We went with the UofT catalogue records because we could be sure that there would be a minimal number of problems matching records, and they provided us great APIs for interacting with the catalogue to get the kind of data we wanted/needed for our purposes, specifically Dublin Core and MARC XML records.

I agree it would be great to have other kinds of records as well associated with the books, so that anyone with these records could get at the content. However, we're a small organization and have to make choices about where we spend our resources. If you or someone you know is interested in helping us associate other types of records with these books please have them contact us ( This would be great.

|There is even some new thinking (FRBR) going on |in the cataloging world, with people like Roy |Tennant at the University of California main |office in Oakland, which is just across the Bay |from the Internet Archive at the Presidio. I'm a |C/UNIX programmer but when I hang around on |librarian mailing lists I get comments such as |"Brewster Kahle is not a librarian!!!" and that |seems so unnecessary, when the IA could easily |cover its reputation with a little cooperation |and openness.

Please remind these people that contrary to what the ALA might say, they do not own the word "librarian". Brewster founded and runs a (digital) library, where we archive and distribute books/music/video/software/data. In my mind it is that that makes him a librarian.

We're happy to work with librarians who have expertise, and freely admit we could use their advice and expertise. We work with librarians every day on various projects, but we're always glad to have more advice and help (please!). Again, we're small organization and there are limits to what we can do without help.

I'd be happy to hear suggestions about ways in which we could be more open to the library community. We don't have any secrets that I know of :). Next time somone says we are not open, please ask them to contact me ( ask for Parker).

|Also, Michael Hart has started to call for |librarians to cooperate with him to produce MARC |records for all Project Gutenberg e-texts, and |this should perhaps be concerted with the Million |Book and Canadian Libraries projects at the |Internet Archive.

Where possible we fetch MARC XML records from the UofT catalogue. These are included with the scanned books and are available much more frequently for recently scanned books than for the early scans. To see them try:

or click the 'All files' link on the side and look for it there.
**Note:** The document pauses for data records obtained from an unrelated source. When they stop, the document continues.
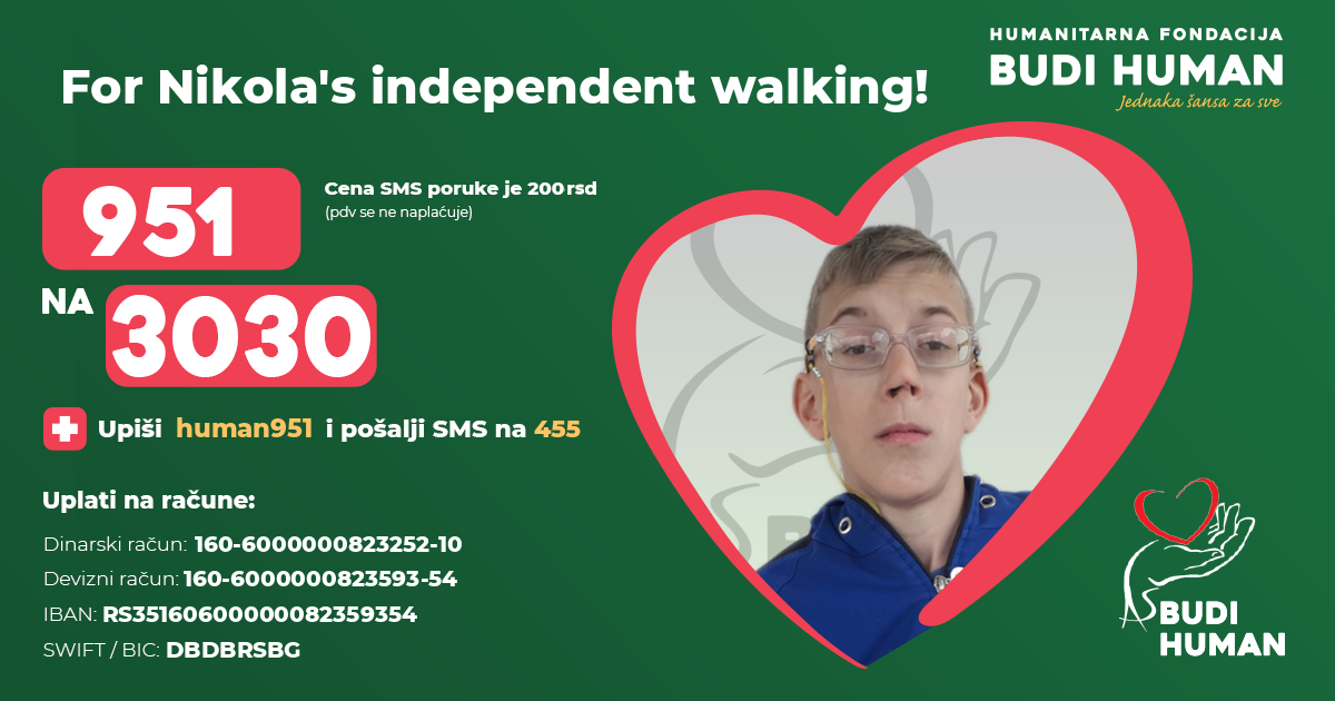 For Nikola's independent walking! Let's be humane!
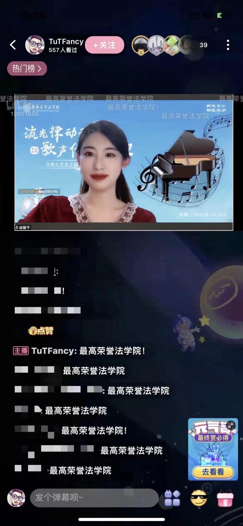 同学600余人通过腾讯会议、Bilibili直播间观看了晚会,并通过弹幕、群聊等形式踊跃参与晚会互动。
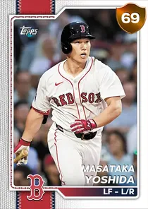 This is the Live card for Masataka Yoshida, featured in MLB The Show 26. He's a 69 Overall Bronze card primarily playing LF. Available on the marketplace for around 25 stubs (buy now price). Masataka Yoshida has a elite Meta Score of 56.19, indicating his overall effectiveness in competitive play. At the plate, Masataka Yoshida displays average contact overall, with specific ratings of 88 Contact vs Right and 40 Contact vs Left. He brings below average power to the plate, evident from his 52 Power vs Right and 41 Power vs Left. In terms of plate discipline, his elite Vision stands at 90, paired with his below average Discipline rating of 46. On the basepaths, Masataka Yoshida showcases below average speed and below average stealing ability. This is supported by 40 Speed, a 15 Stealing rating, 0 Baserunning Ability, and 10 Baserunning Aggression. Masataka Yoshida is a 32-year-old baseball player, stands 5'8" and weighs 192 lbs, born in Japan, currently playing for the Red Sox, bats L and throws R. Other available versions for Masataka Yoshida include: 2025 Postseason (99 Diamond), Color Storm (91 Diamond), World Baseball Classic (86 Diamond), Live (70 Bronze).
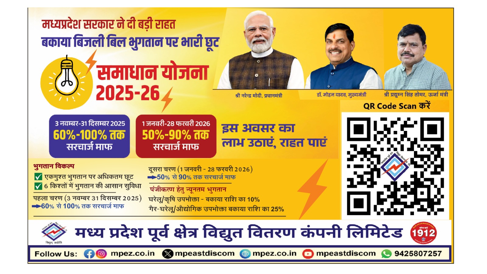 एकमुश्त भुगतान पर विशेष छूट तथा 6 किस्तों में भुगतान की सुविधा भी उपलब्ध रहेगी। कनिष्ठ यंत्री विजय धुर्वे ने बताया कि यह योजना मुख्यमंत्री डॉ. मोहन यादव और ऊर्जा मंत्री श्री प्रद्युम्न सिंह तोमर के मार्गदर्शन में चलाई जा रही है। जिससे लाखों उपभोक्ताओं को आर्थिक राहत मिलेगी।अधिकारियों ने उपभोक्ताओं से अपील की है कि वे इस सुनहरे अवसर का लाभ उठाएं, QR कोड स्कैन कर अधिक जानकारी प्राप्त करें और अपने बिजली बिलों का शीघ्र निपटान करें।
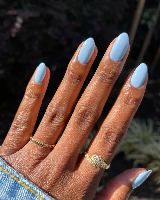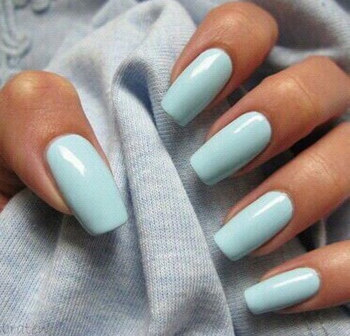 Однотонный маникюр: Просто покрасьте все ногти в нежно-голубой цвет. Это классический и элегантный вариант.

For books without MARC XML records I believe we'll be working with the folks at PG to figure out the easiest way to make our content work for them and visa versa.

|By the way, when I receive reminders about this |discussion, the e-mail contains the URL | |with the double slash, that this website refuses |to handle.
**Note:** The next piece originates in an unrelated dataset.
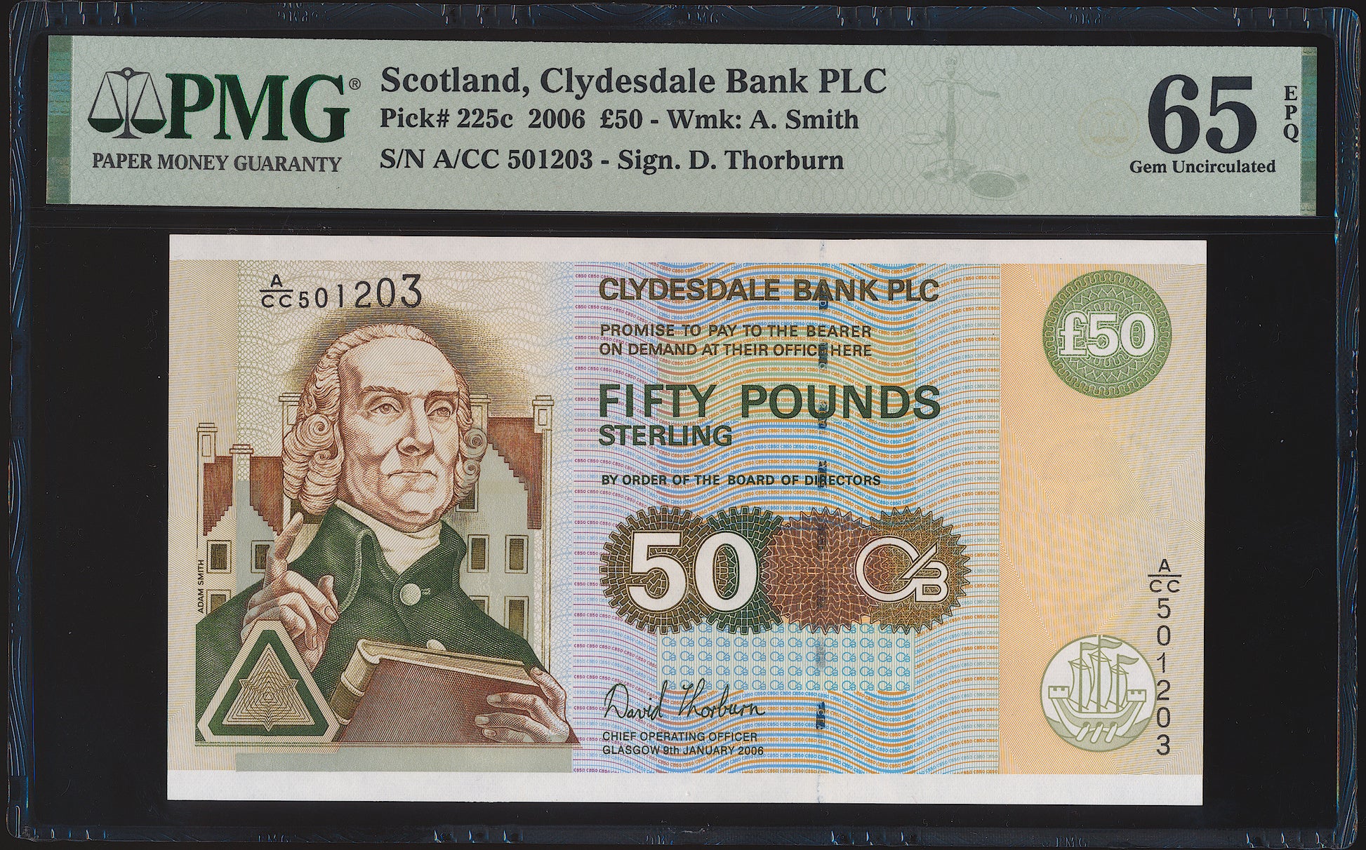SCOTLAND P.225c SC364 2006 Clydesdale Bank £50 GEM UNC 65 EPQ
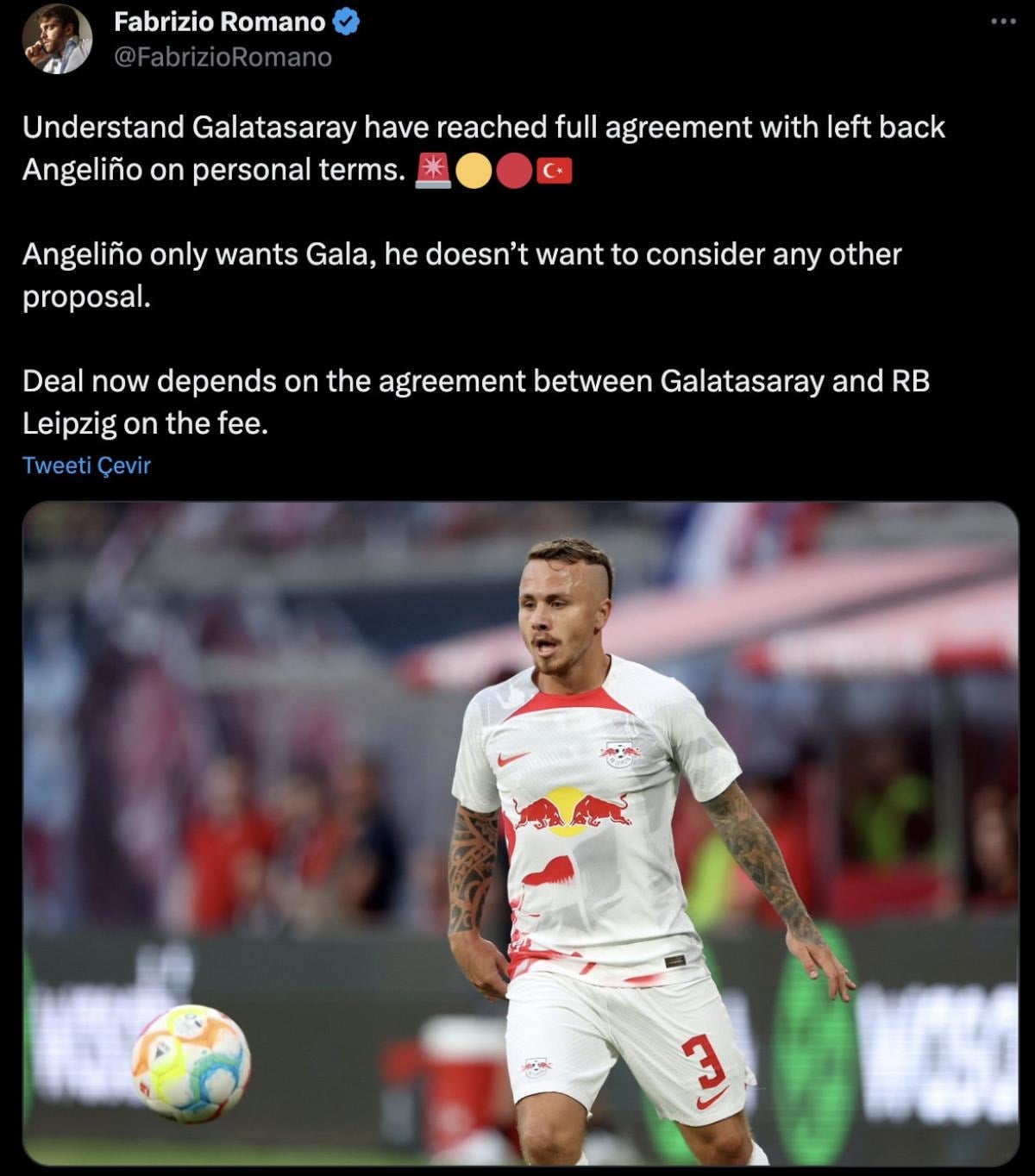 Transfer haberlerinin güvenilir kaynağı Fabrizio Romano'nun aktardığı bilgiye göre Galatasaray, Angelino ile anlaşmaya vardı.

Thanks for the report, I'll see what I can do about fixing this error.


Reply to this post
Reply [edit]

Poster: molly Date: Jan 27, 2005 12:49am
Forum: toronto Subject: Re: scanner credit?

Actually, I'm not a librarian, I have an art degree. We are working very closely with the librarians in Toronto though, and one tends to pick up various acronyms for standards and metadata by hanging out with them. *grin*

We have everything to gain from being open and working with librarians, and we feel we are doing a pretty good job for an organization with 20 people in it. We pride ourselves on being open, being brutally honest, and developing and using open source software, so it's weird to hear that we have the opposite reputaion. We depend on the outside community for help though, so if you would like to help make the book collection better by assigning LoC catalogue numbers to everything, we would love your expertise! I'm molly at archive dot org.


Reply to this post
Reply [edit]

Poster: aronsson Date: Jan 27, 2005 5:16pm
Forum: toronto Subject: Re: scanner credit?

I'm looking forward to our cooperation. As for openness: In August 2004 I wrote a message on the Million Books discussion (Subject: German texts), and it took until December before someone (you, actually) answered. In those three months I didn't know if the project was dead, if you were busy doing other things, or if nobody wanted to communicate with me. According to other messages in that forum, other people had the same impression. I'm glad that this has changed, and hope you and Parker will continue to be around. You are doing many exciting things here, but I also see a lot of room for improvement. I have a lot of experience in receiving (harsh and undue) criticism, so I'll try my best to be constructive.

I'm running Project Runeberg ( with Scandinavian e-texts since 1992 and digital facsimiles since 1998 with just a handful of unpaid core volunteers, so 20 people is a huge organization to me. You are free to reuse our contents, which is in the public domain. We don't claim or reserve any rights to the digitization. (However, we don't want the name "Project Runeberg" to be reused by others.) At the very bottom of the title page for each of our books there is a "download" link that helps you retrieve a ZIP archive of 600dpi TIFF G4 images. Today this ZIP archive doesn't contain any OCR text or metadata, but we should improve this in the future.

Places that I hang around include the Web4lib, Bookpeople, and Diglib mailing lists, and the D-Lib Magazine website.